> [WHAT TO DO]
Scan the records below for the line with "Műanyag vízzáró profilokkal" and the line with "男女兼用 龍柄 夏祭り", and retype that range exactly, both ends included, pictures excepted.

----------

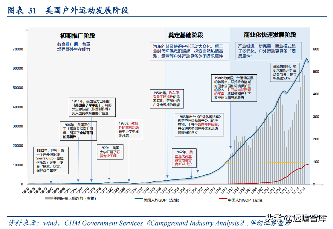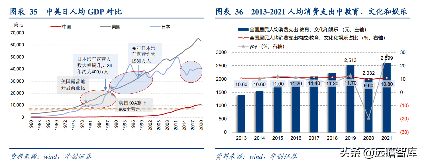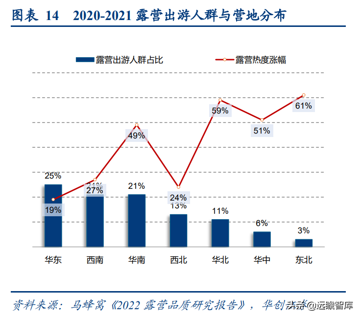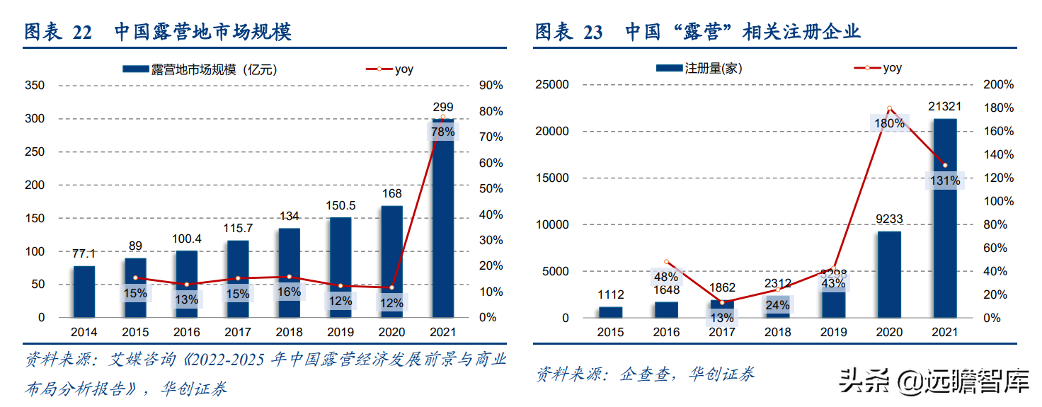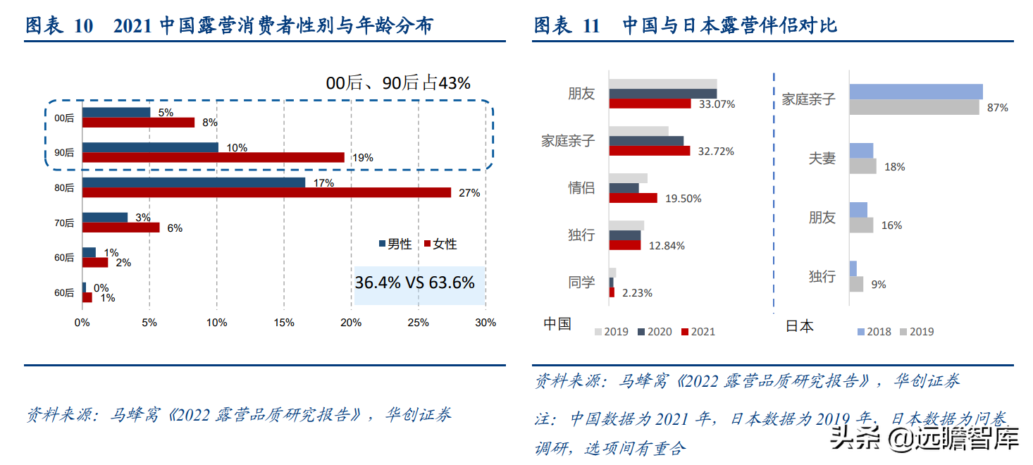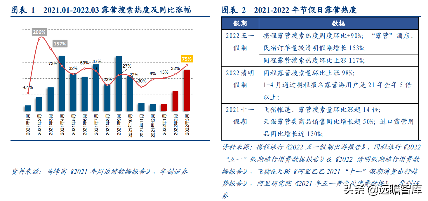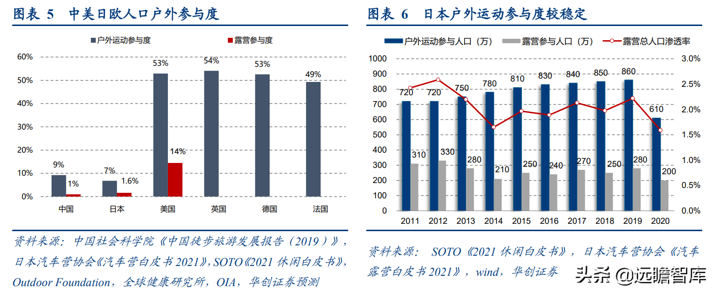 (报告出品方/分析师:华创证券王薇娜) (一)疫情带动近郊户外运动,中国户外市场持续增长 1、疫情防控催化,户外与露营需求大幅提升 疫情防控需求使得居民跨省流动受限,入住酒店花费不菲且可能增加风险暴露,周边游形式的户外活动热度增加,露营成为家庭聚会、朋友出行、接触户外的首选。 从21年清明假期开始,根据马蜂窝数据显示,2021年“周边游”的搜索热度同比增长2.5倍,其中3-4月春游旺季搜索热度增长3-5倍。2021年十一假期天猫露营用品销售量同比增长50%。 2022年春季综艺《一起露营吧》与小红书等社交平台内容教育下,露营需求再度爆发:小红书关于“露营”笔记数从22年初100万+笔记数,到5月底接近350万+笔记数。根据通联数据,22年1-4月天猫淘宝露营野炊装备累计成交额31.8亿元,环比翻倍增长。2022年1-4月通过携程报名露营游用户是2021年全年5倍以上。 供给端逐步优化,露营体验感提升,精致露营与“露营+”产品走俏。 精致露营概念在海内外走红,Glamping=Glamorous+Camping,主打远离自然条件恶劣的户外环境,追求享受户外。新增营地以帐篷营地、帐篷酒店为主,例如大热荒野旗下20家连锁露营地,定位野奢;嗨king20家营地更多在景区、特色小镇等开辟特色营地。 相比16-17年发展较快的房车营地,帐篷营地与自然融合度更高,在自然资源支持下开辟更多“露营+”活动。 2、中国千亿泛户外市场,户外参与度仍偏低 露营热度带动户外相关产品需求快速增长,中国泛户外市场以鞋服消费为主。我们估算中国泛户外市场近4000亿元。 根据通联数据,21年运动户外产品线上成交额共计3382亿元,线下渠道以迪卡侬为代表,我们预计2021年迪卡侬中国贡献营收超125亿元(2017年中国迪卡侬260+家门店实现105亿元收入,目前在中国已分布308家门店)。 根据通联数据,以线下为主专业户外市场约410亿元。我们预计泛户外市场中鞋服占比超6成,户外用品占比约3成,大约1200亿元,旅游产品等占比低于1成,根据中国钓具网数据2020年中国户外用品市场规模达1693亿元;根据通联数据21年天猫淘宝登山野营旅行用具销售规模达506亿。 中国运动参与度较低,其中露营渗透率不足1%。 中国参与户外运动人口约为1.3亿(2019年),在城镇人口中渗透率为15%,在总人口中渗透率约为9%。 欧美由于人文历史背景、对于户外生存教育的重视,所以户外参与度普遍较高。美国户外运动人口1.6亿,参与度为53%;以英国、德国、法国为代表的欧洲国家户外运动参与度也均超5成。 相较而言,日本参与户外运动的人口大约有800万,户外参与度为7%(20年略受疫情影响仅有610万人)。美国日本露营活动渗透率分别为14%/1.6%,中国渗透率不足1%。 户外运动泛指在自然环境进行的具有体验或探险性质的健身项目,既包含休闲需求,也包含野外生存型运动。中国户外运动更偏好徒步、健身登山、露营,兼具专业与休闲需求,消费粘性偏低但门槛低、潜在参与度高,适合亲子出行、朋友出行。相较海外较长户外运动发展历程,留存大量专业户外运动爱好者。 我们认为休闲式户外运动发展会先于专业式户外运动,户外运动规模化发展需要具备以下条件: 消费端: 1)人均GDP超1万美元,具备经济基础;2)GDP增速承压,期内人们工作压力较大,高线城市消费者更向往“一夕乌托邦”,且偏好低成本的旅行方式;3)户均汽车保有量较高,每千人汽车保有量达300辆左右。 供给端: 1)城市公园、郊区露营地、景区露营场景增加,资本推动露营地连锁化,标准化管理;2)户外设备快速适应中国市场需求,提高露营体验感。 (二)中国露营市场现状:小荷才露尖尖角 露营消费是休闲户外消费的典型,露营消费方式主要有四类: 1)公园露营,半日游为主,载体主要为城市公园(缺乏营地规划,密度高,缺乏商业化设施),消费者自带帐篷/天幕,人均消费0-80元(门票费); 2)精致露营/搬家露营,以2天1夜露营为主,设备全,人均消费150-200元(门票+营位租赁费、自备设备),拎包入住则人均700元以上,载体主要为商业化露营地(具备必要水电设备,甚至娱乐化项目,帐篷密度较低); 3)房车露营,过夜需求,载体主要在商业化房车营地,消费者自备/租赁房车,游玩时间1天以上,人均600元起(房车租赁550元~1700元+门票50元/天); 4)小屋露营,以多日游为主,主要在远离城市的郊区、中西部地区、丘陵/山岭/高原地带,更具特色。 16-17年在政策带动下,开出较多连锁营地的均为汽车/房车露营地,比如曾在新三板挂牌的奇瑞途居营地,旗下有20+汽车营地。 1、露营消费者:年轻人尝鲜需求为主,亲子游具有持续性 千禧一代为主力军,女性参与者更多,以朋友出行、家庭亲子游为主。根据露营天下数据,2017年预订房车露营的90后、00后仅占9%。根据马蜂窝数据,2021年露营消费者中90后、00后占比攀升至43%,4年间大幅提升28pct;80后占44%,基本维持稳定;70后占比大幅下降,仅占10%(17年占比28.6%)。 对比美国OIA数据,露营消费群体各年龄段分布相对均匀,Z世代综合占比32%。中国女性参与者更多,17年房车露营男女比例基本均衡,21年女性消费者均明显超过男性(男性:女性=36%:64%)。而美国则是男性参与者更多,性别比为男性:女性=54%:46%(近8年未改变)。 消费人群结构变化与海外形成差异的主要原因: 1)从中国消费需求端看,亲子游占比仅3成。年轻朋友出行“尝新需求为主”,日本露营人群8成以上与家人一同前往,更多追求与家人一起(占比41%)、孩
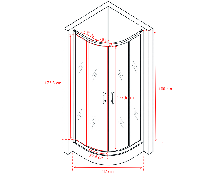 Műanyag vízzáró profilokkal rendelkezik, hogy a víz a kabinon belül maradjon. Az állítható fali profilok segítségével, ha nem teljesen függőleges a fal, akár 15 mm eltérést is korrigálhat. Amennyiben tálca nélkül rendeli, 180 cm-es magassággal, ha pedig szettben erősített akril zuhanytálcával, akkor 194 cm-es magassággal számolhat. 1 év garanica.
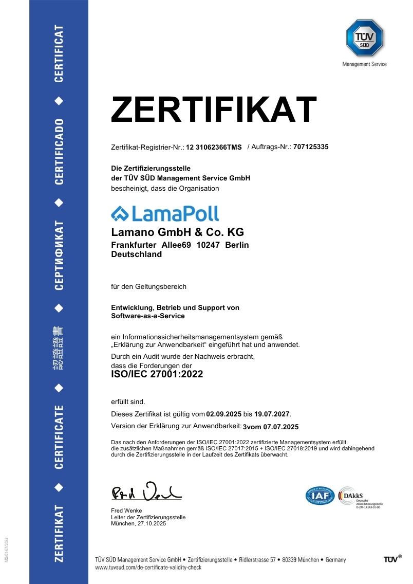 Das Online Umfrage Tool LamaPoll: Geprüft & standardisiert! Wir ergreifen strenge Maßnahmen für die Sicherheit und den Schutz Ihrer Daten. Wir wissen, dass Ihnen die Sicherheit und Verfügbarkeit DSGVO-konformer Online Umfragen wichtig ist und schätzen Ihr Vertrauen in LamaPoll. Aus diesem Grund tragen wir dafür Sorge, Ihnen einen sicheren und stabilen Online-Dienst zu gewährleisten! Das detaillierte Sicherheitskonzept können Sie auch gern bei unserem Support erfragen.
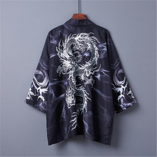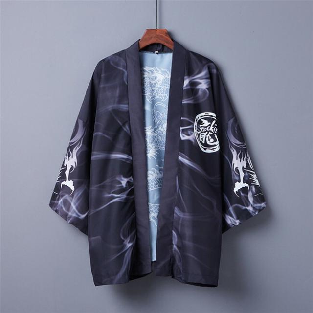 男女兼用 龍柄 夏祭り 夏恋 寺 法被 羽織り 半纏 はんてん 法被 ハッピ 長半纏 半天 袢天 半被 お祭り衣装 雅 和柄 羽織 和装 ユニセックス 浴衣 着物 はっぴスタイル かっこいい かわいい 風物詩 個性的 おしゃれ フリーサイズ ブラック
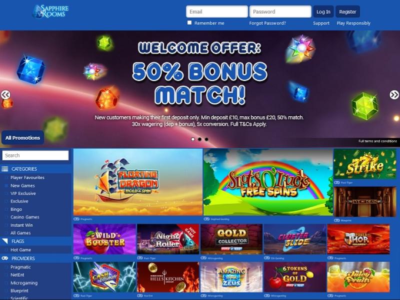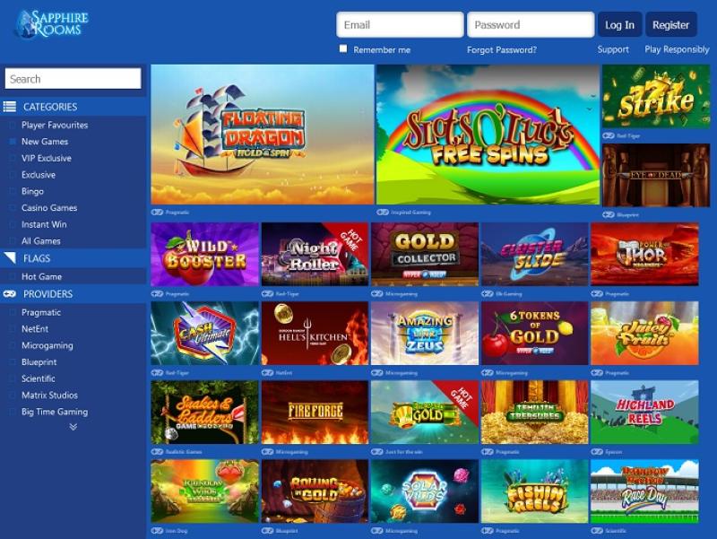 O Sapphire Rooms Casino é operado pela Microgaming, Net Entertainment, Big Time Gaming, ELK Studios, EYECON, Habanero Systems, lightningboxgames, Rabcat, Yggdrasil, Realistic Games, Pragmatic Play, Red Tiger Gaming, IGT, Skillzzgaming, Triple Edge Studios, Northern Lights Gaming, Stormcraft Studios, All41 Studios, Gameburger Studios, Slot Factory, Neon Valley Studios, Golden Rock Studios, SpinPlay Games, GONG Gaming, Buck Stakes Entertainment, Games Global, Blueprint Gaming, Merkur Gaming, Nektan, NextGen, NYX Interactive, Inspired Gaming, SG Interactive, Scientific Games, Iron Dog Studio, Foxium, Just For The Win, PearFiction Studios, Slingshot Studios, Rocksalt Interactive, 4ThePlayer, Gamevy, Crazy Tooth Studio, Alchemy Gaming, ReelFeel Gaming, Snowborn Games, Hacksaw Gaming and Aurum Signature Studios e seus jogos são oferecidos por meio de uma plataforma de jogo instantâneo baseada na web, que permite jogar diretamente pelo navegador do seu celular. O jogo também é compatível com computadores, permitindo que os jogadores joguem pelo navegador.

----------

> [YOUR RESPONSE]
 Műanyag vízzáró profilokkal rendelkezik, hogy a víz a kabinon belül maradjon. Az állítható fali profilok segítségével, ha nem teljesen függőleges a fal, akár 15 mm eltérést is korrigálhat. Amennyiben tálca nélkül rendeli, 180 cm-es magassággal, ha pedig szettben erősített akril zuhanytálcával, akkor 194 cm-es magassággal számolhat. 1 év garanica.
 Das Online Umfrage Tool LamaPoll: Geprüft & standardisiert! Wir ergreifen strenge Maßnahmen für die Sicherheit und den Schutz Ihrer Daten. Wir wissen, dass Ihnen die Sicherheit und Verfügbarkeit DSGVO-konformer Online Umfragen wichtig ist und schätzen Ihr Vertrauen in LamaPoll. Aus diesem Grund tragen wir dafür Sorge, Ihnen einen sicheren und stabilen Online-Dienst zu gewährleisten! Das detaillierte Sicherheitskonzept können Sie auch gern bei unserem Support erfragen.
 男女兼用 龍柄 夏祭り 夏恋 寺 法被 羽織り 半纏 はんてん 法被 ハッピ 長半纏 半天 袢天 半被 お祭り衣装 雅 和柄 羽織 和装 ユニセックス 浴衣 着物 はっぴスタイル かっこいい かわいい 風物詩 個性的 おしゃれ フリーサイズ ブラック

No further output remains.